Conventionally, horizontal IGB mounted on a power IC
At T, the method of increasing the speed was only the method using the anode short structure, and the turn-off fall time could only be increased up to about several hundred ns. If lifetime control is performed in the vicinity, the turn-off fall time can be shortened to several tens of ns, and the period of the switching transient state is shortened, so that the loss due to switching can be greatly reduced.
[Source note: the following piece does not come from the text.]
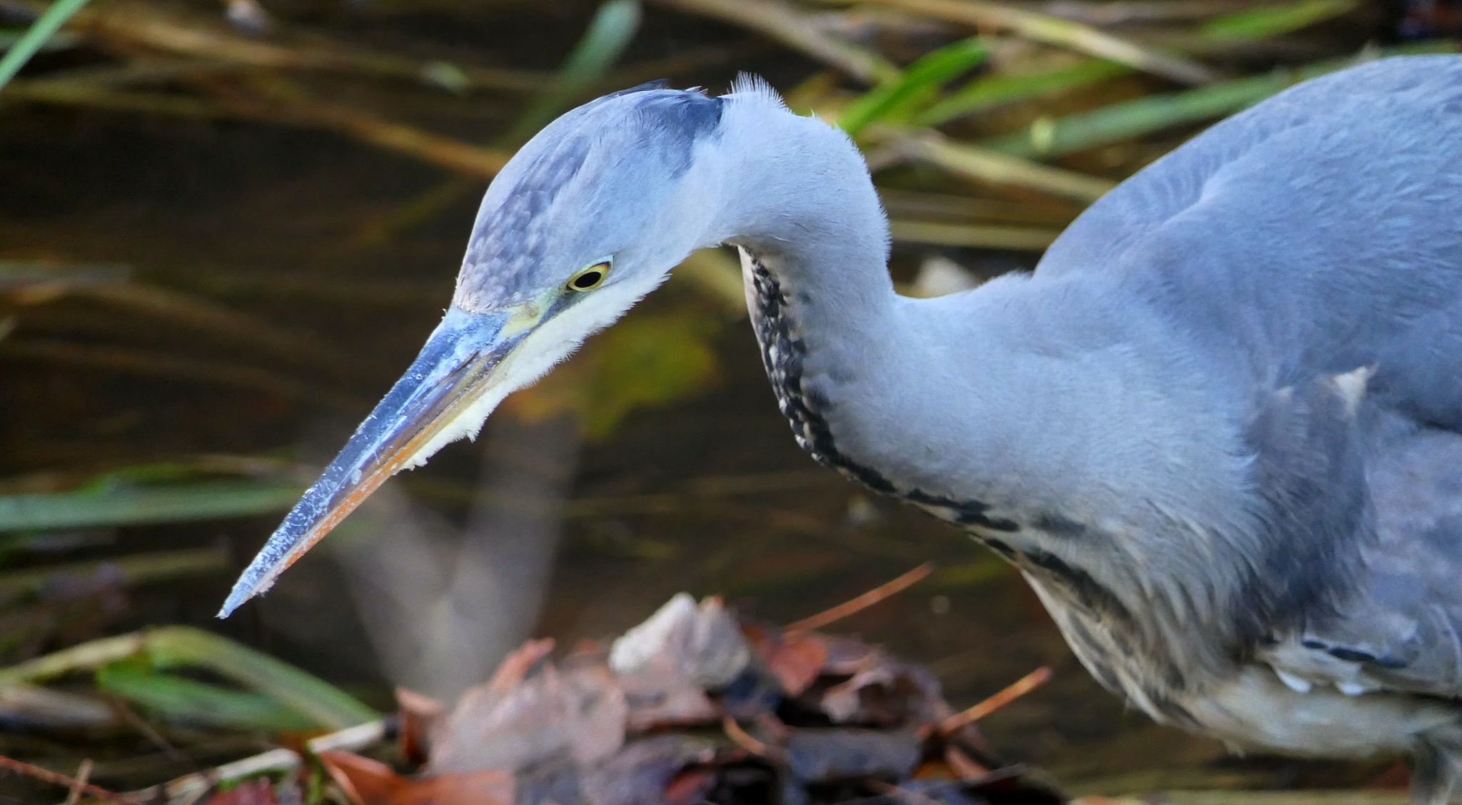 And that would have been that but as I left by the same way (the bridge upstream of St Marks) I caught sight of another heron (or the same one) on the other side of the WoL looking for his dinner. He stalked very slowly and would go into motionless study for minutes at a time if he saw any movements in the riverside grasses. Which makes taking photos much easier, even though the light was already gone. I kept a respectable distance not wishing to disrupt the scene, although I think all the wildlife has grown used to the banging and clatter of the building site next door which has been going on a couple of years now.

Further, since the loss is reduced, the heat generation of the power IC as a whole is reduced as compared with the related art, so that the current capacity of the power IC can be increased, and the device can be highly integrated and downsized.

[Brief description of the drawings]

FIG. 1 is a sectional view of a semiconductor substrate for illustrating a basic flow of a manufacturing method according to the present invention.

FIG. 2 is a cross-sectional view of a lateral IGBT whose speed has been increased by the manufacturing method according to the present invention.

[Explanation of symbols]

Reference Signs List 1 semiconductor substrate 2 resist mask 3 selection region 4 region 5 dielectric 6 N ⁻ region 7 P ⁺ gate region 8 N ⁺ source region 9 P ⁺ drain region (anode) 10 thick film resist mask 11 high concentration region 12 thick film resist mask 13 High concentration region 14 Gate electrode 15 Source electrode 16 Drain electrode 17 Si oxide film

Claims (1)

(57) [Claims] In a method of manufacturing a semiconductor device in which a region for shortening the recombination lifetime of carriers is formed, a specific impurity atom concentration is relatively increased in the region in advance.
Next, a step of irradiating the entire surface of the semiconductor device with a charged particle beam, selectively increasing the density of specific defect states in the region, and changing the region to a region having a reduced recombination lifetime is provided. A method for manufacturing a semiconductor device.